= Bragg-Paul Pulsator =

Medical ventilator

The Bragg-Paul Pulsator, also known as the Bragg-Paul respirator, was a non-invasive medical ventilator invented by William Henry Bragg and designed by Robert W. Paul in 1933 for patients unable to breathe for themselves due to illness.

It was the first 'Intermittent Abdominal Pressure Ventilator' (IAPV).

==Design==
The Pulsator applied pressure externally upon the body to force exhalation, and the natural elasticity of the chest and the weight of the internal organs upon the diaphragm produced inhalation when that external pressure was removed. This method is now described as 'intermittent abdominal pressure ventilation', in contrast to negative pressure ventilators, commonly called 'iron lungs', that force inhalation and rely on chest elasticity to produce exhalation.

Bragg came up with the idea for the machine to help a friend suffering from muscular dystrophy. His first version comprised a football bladder strapped to the patient's chest connected to a second football bladder sandwiched between two boards hinged together. Squeezing of the second bladder inflated the first, which compressed the chest and forced exhalation from the lungs. The first version built by scientific instrument maker R W Paul was water-powered - it was used for 17 hours per day for 3 years, except when the water supply froze one hard winter. It consumed about 700 gallons (3 cubic metres) of water per day.

The commercial Pulsator designed by Paul consisted of a belt worn around the patient's abdomen and lower thorax that was rhythmically filled with air from bellows being driven electrically. A gauge indicated the pressure being applied to the chest, and the rate of compression could be modified to suit the patient's breathing. An escape-valve on the bellows controlled the pressure being applied.
The 1934 model could be driven by hand, water or electric power, one case having used water power for a year.
Following an analysis of the ventilation induced by the 1934 model, physiologist Phyllis Tookey Kerridge recommended some modifications that greatly improved the efficiency and usability of the belt.
A quieter and more portable model was produced in 1937.

The advantages of the design were its ease of transportation and use, it did not impede orthopaedic and nursing care, and could prevent lung collapse in some cases. Disadvantages were that inhalation depended upon elastic recoil of the chest and upon gravity pulling the diaphragm back down, and so breathing could be shallow and the patient could not lie down; attention was required in its use, and the action gave the patient more discomfort compared with cabinet (iron lung) respirators.

It was built in Britain by Siebe Gorman & Company Ltd.

==Use==
The Pulsator was used predominantly for the treatment of diphtheria and anterior poliomyelitis-related respiratory paralysis. Other conditions treated with some degree of success were drug overdoses, and muscular dystrophy.
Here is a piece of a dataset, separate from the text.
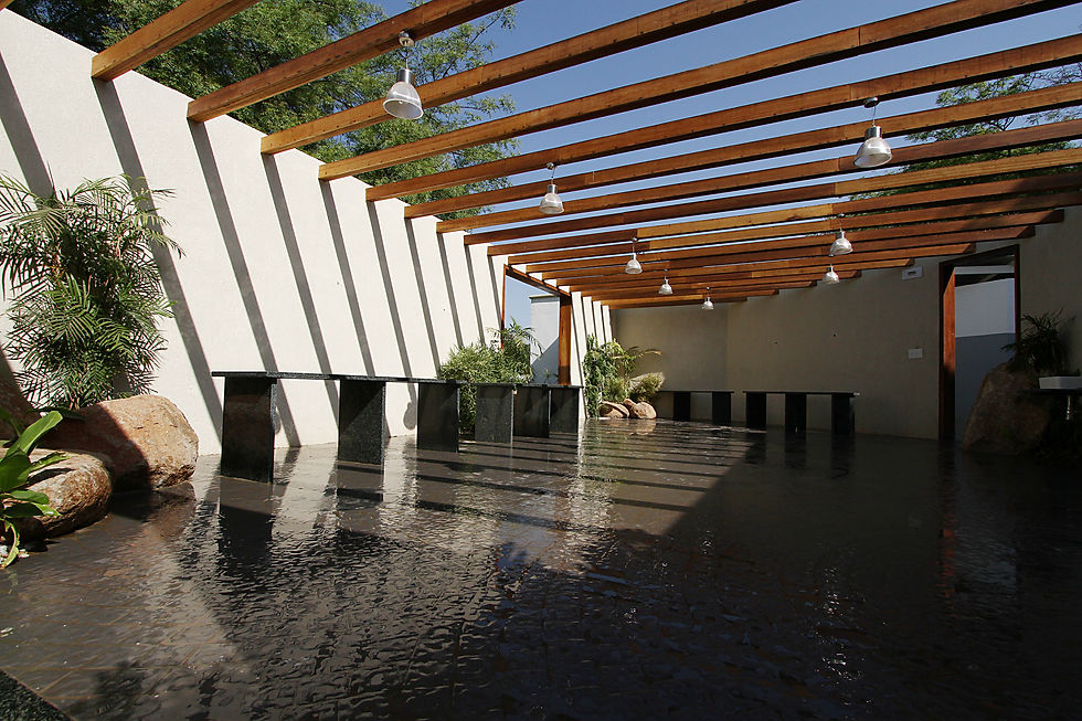 A grove of exotic palms divide the wedding and dining space of the area. The civil footprint is kept to a bare minimum by creating semi open structures with the use of landscaped courtyards.

The Pulsator and the 'iron lung' where the only respirators available during the severe outbreak of poliomyelitis in the United Kingdom in 1938. By March 1939 there were 43 Pulsators known to be in use in the British Isles, more common than the 'iron lungs', but already vastly outnumbered by the new Both respirators, which had been selected by a Medical Research Council committee investigating the shortage of equipment needed to cope with the polio epidemic. The Both was chosen over the equally effective Bragg-Paul when Lord Nuffield offered to give the both to hospitals for free. This choice probably curtailed the further development of the Pulsator.

In 1950 the Pulsator was still in use in Great Britain, Ireland and Portugal, still being the preferred ventilator for polio cases in Ireland.

An early documented use of the Pulsator was at the Cork Street Fever Hospital, Dublin. From 1935 to 1938 all cases of post-diphtheria respiratory paralysis were treated with the Pulsator, only one of which died due to respiratory failure (when the machine broke down).

Use of the Pulsator spread in the late 1950s due to its convenience and portability for chronically ill patients.

==Legacy==
The Pulsator provided life-saving treatment for many people in the early days of artificial ventilation. When the only alternative was the 'iron lung', the much less intrusive treatment of the Pulsator allowed for a more normal life for its patients.

As the first 'Intermittent Abdominal Pressure Ventilator', the Pulsator was the forerunner of various newer apparatuses, in particular the 'Pneumobelt' which subsequently became a generic name for the genre.
A 1991 study concluded that IAPV was effective for the long-term daytime treatment of respiratory insufficiency and could avoid the need for tracheostomy. While the less-severely ill patients preferred IPPV (intermittent positive pressure ventilation), IAPV was found to be best for severe cases, and was the preferred type of mechanical assistance in the seated position. However it should not be used for 24 hours a day, and its effectiveness for some patients could decline after years of use.

Although considered obsolete by 2014, superseded by newer types of ventilators, Pneumobelts were still manufactured at least until 2008.